On August 31, 2000, the Commonwealth filed a motion to dismiss the complaint for lack of subject matter jurisdiction, contending that it was immune from suit under the Eleventh Amendment. At the time, a circuit split existed as to whether states had sovereign immunity from ADA suits, although the U.S. Supreme Court had granted certiorari to resolve the split. See Petition for Writ of Certiorari, Bd. of Trustees of the Univ. of Alabama v. Garrett, 531 U.S. 356, 121 S.Ct. 955, 148 L.Ed.2d 866 (2001) and Bd. of Trustees of the Univ. of Alabama v. Garrett, 529 U.S. 1065, 120 S.Ct. 1669, 146 L.Ed.2d 479 (2000) (granting certiorari on the issue of “[wjhether the Eleventh Amendment to the United States Constitution bars suits by private citizens in federal court under the Americans With Disabilities Act against non-consenting states”). On December 20, 2000, Perry moved to have her federal claims dismissed and the case transferred to state court. In the motion, Perry indicated her awareness that the U.S. Supreme Court had granted certiora-ri on the immunity question, and she stated clearly that she wished to pursue only her state law claims in state court. On December 21, 2000, the District Court entered an order granting Perry’s motion, dismissing her ADA and Rehabilitation Act claims without prejudice, and transferring the case to the Court of Common Pleas of Allegheny County. On November 15, 2002, the case was transferred to the Court of Common Pleas of Mercer County.

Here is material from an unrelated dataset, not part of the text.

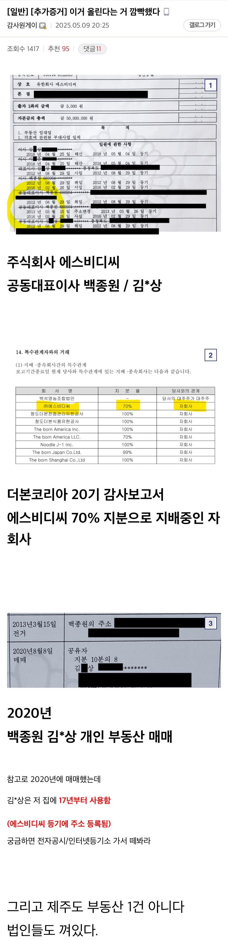 [흥미돋]백종원 새로운 의혹.jpg (더본코리아 위장계열사 의혹) 작성자크리스 마틴 게릭스|작성시간25.05.10|조회수27,447 목록 댓글 60 글자크기 작게가 글자크기 크게가 출처: 디씨요약: 세림아이앤아이라는 회사가 있는데 표면상으로는 협력회사 관계. 하지만 더본 상장후 공개된 정보에 따르면 이 회사는 더본코리아의 위장계열사로 의심되는 상황 (위장계열사가 맞을시 공정거래법 위반)+) 추가 증거 다음검색 현재 게시글 추가 기능 열기 북마크 공유하기 신고 센터로 신고 댓글 댓글 60 댓글쓰기 답글쓰기 댓글 리스트 작성자아나까나까나리까리키퍼웨이 | 작성시간 25.05.10 이젠 좀 무서울지경 작성자내맴임 | 작성시간 25.05.11 착한 척 한게 독이됐네 참…….. 아주 대박이네 작성자윌리스와그로밋 | 작성시간 25.05.11 와 뭐냐 진짜.. 작성자설탕묻힌꽈배기 | 작성시간 25.05.11 완전 무서운 사람이네;; 작성자버터비어란 | 작성시간 25.05.14 공정위, 법원이 정말 너무 우습고 하찮게 느껴졌나봄 댓글 전체보기

In 2001, the U.S. Supreme Court held that Congress did not validly abrogate the states’ sovereign immunity from suit by private individuals for money damages under Title I of the ADA, and that such suits were barred under the Eleventh Améndment. See Garrett, 531 U.S. at 360, 363-363, 374, 121 S.Ct. 955. Injunctive relief against the state and any state law remedies remained available. Id. at 374 n. 9, 121 S.Ct. 955. In 2002, this Court ruled that the Commonwealth’s acceptance of federal funds operates as a voluntary waiv *787 er of Eleventh Amendment immunity from individuals’ suits under the Rehabilitation Act against a state department or agency receiving those funds. See Koslow v. Commonwealth of Pennsylvania, 302 F.3d 161, 165, 167 (3d Cir.2002).

Perry, meanwhile, litigated her state law claims for seven years, until 2006, when, after complete discovery on both sides, the Court of Common Pleas of Mercer County noted sua sponte that it appeared that the case was not properly before the court. Perry had filed a copy of the federal docket sheet in state court but had failed to file a complaint, certified copies of the federal pleadings or transcript of the federal proceedings at any point in her state case, an omission that had gone unnoticed by either party until then. The subsequent upshot is that Perry was denied leave to file an amended complaint or to supplement the court record. On February 8, 2008, her state action was dismissed without a determination of the merits. An appeal of this order is pending with the Pennsylvania Superior Court.

Perry filed a motion to reopen her case in the District Court on March 7, 2008. On May 29, 2008, the District Court issued an order denying Perry’s motion to reopen her case. Perry timely appealed to this Court.

III.

The essence of Perry’s contention on appeal is that she has been effectively deprived of a forum to litigate the merits of her suit, and that therefore equitable tolling should apply to let her reopen her case in federal court. We cannot agree.

The District Court construed Perry’s motion to reopen her case as a request for relief under Rule 60(b)(1) of the Federal Rules of Civil Procedure.